For whatever it's worth, after my failed 6 months on Enbrel I
returned to reliable cyclosporine and started to see clearance in 10 days!
I've been back on cyclo now for about 5 months and have one active
lesion (on top of the knee that suffers the worst psoriatic arthritis).
I felt so good about being mostly cleared again that I shaved off
my beard and mustache. Some of
my grandkids didn't recognize me.
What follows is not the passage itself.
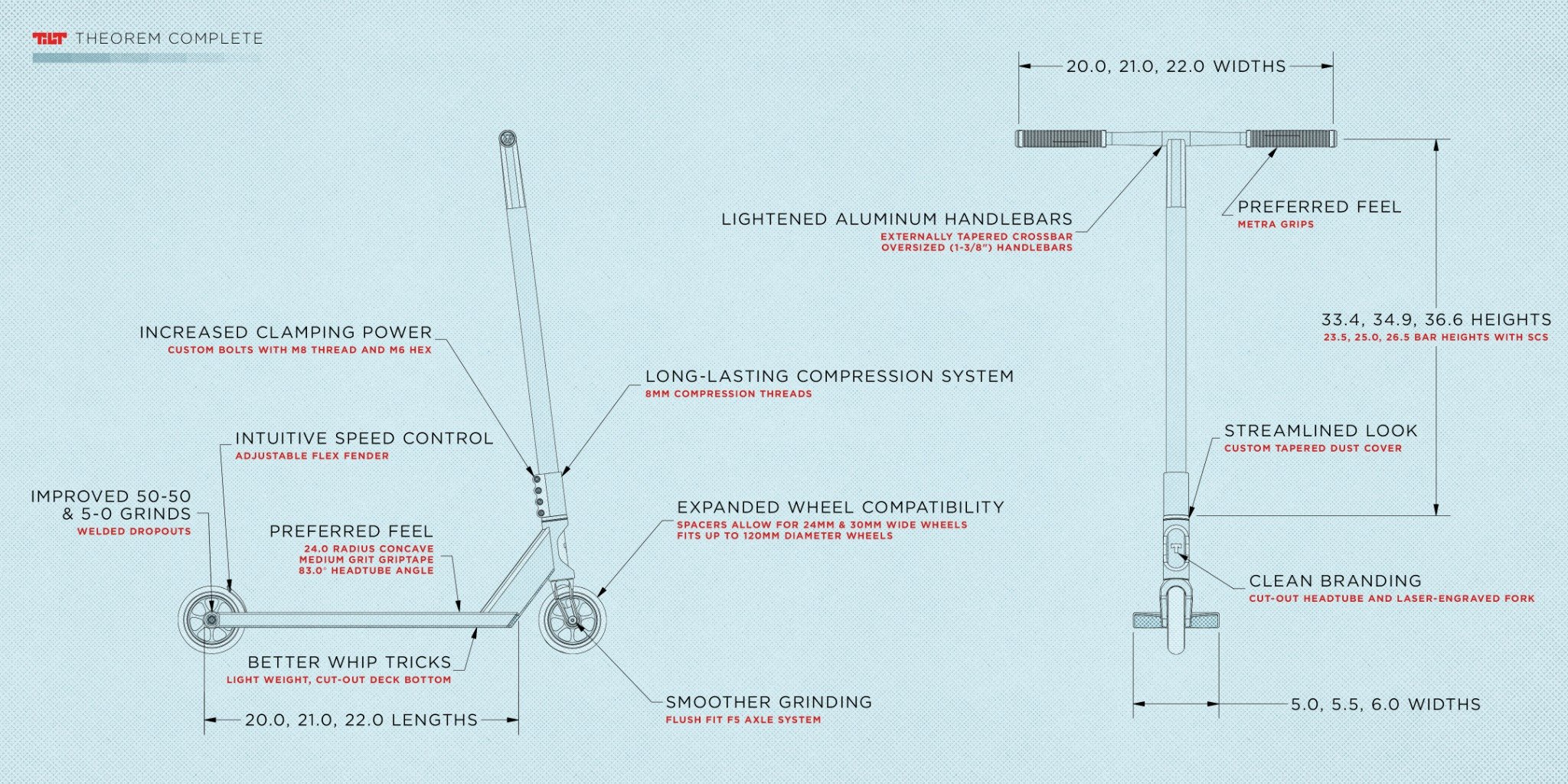 Výborná, lehká street koloběžka od známe značky Tilt. Tilt se vždy soustředilo na kvalitu dílů. A už bylo načase aby přišli se svojí vlastní koloběžkou. Vyrobili velice kvalitní koloběžku, která ma úžasnou hmotnost! Výborná deska s boxcut a hladkým spodním povrchem (žádné grindraily). Díky tomu grindování půjde snadněji. SCS zajištuje vyšší pevnost řídítek a vidlice. Řídítka nemají zářez. Díky tomu vydrží déle a jsou vyrobené z hliníku. (lehčí, lépe se dělají triky). 110mm kolečka s hliníkovým středem jsou samozřejmostí.

I'm supposed
to start Amevive in January and will probably try it.
There just doesn't seem to be any rhyme or reason behind who
benefits and who doesn't. If Amevive
doesn’t work for me I’m going to have to do some serious research
about the biologics before I move forward to Raptiva.
These drugs are simply too expensive to be so “ify.”
When you read the pharmaceutical company presentations about their
drugs, the efficacy comes off pretty cut’n’dried.
They work because blah blah blah; or they don’t work because blah
blah. What we remember most is
the “not working because of adverse reactions.”
In other words, it’s not that the drug didn’t work so much as
that it did something else that precluded its continuation.
We don’t hear much about — or quickly forget — the incidences
of “nothing happened, neither bad nor good,” which is close to what
you experienced with Amevive and I’ve experienced with Enbrel.
If, in fact,
the biochemistry at work in these biologics successfully “turns off” a
process that results in the formation of lesions, what is happening when
the lesions don’t go away? Is
there something in us that is inhibiting the action of the biologic?
Is there something about our lesions that doesn’t care whether or
not this particular process is “turned off?”
Until questions like these are answered, we really don’t
understand the disease OR the medicine.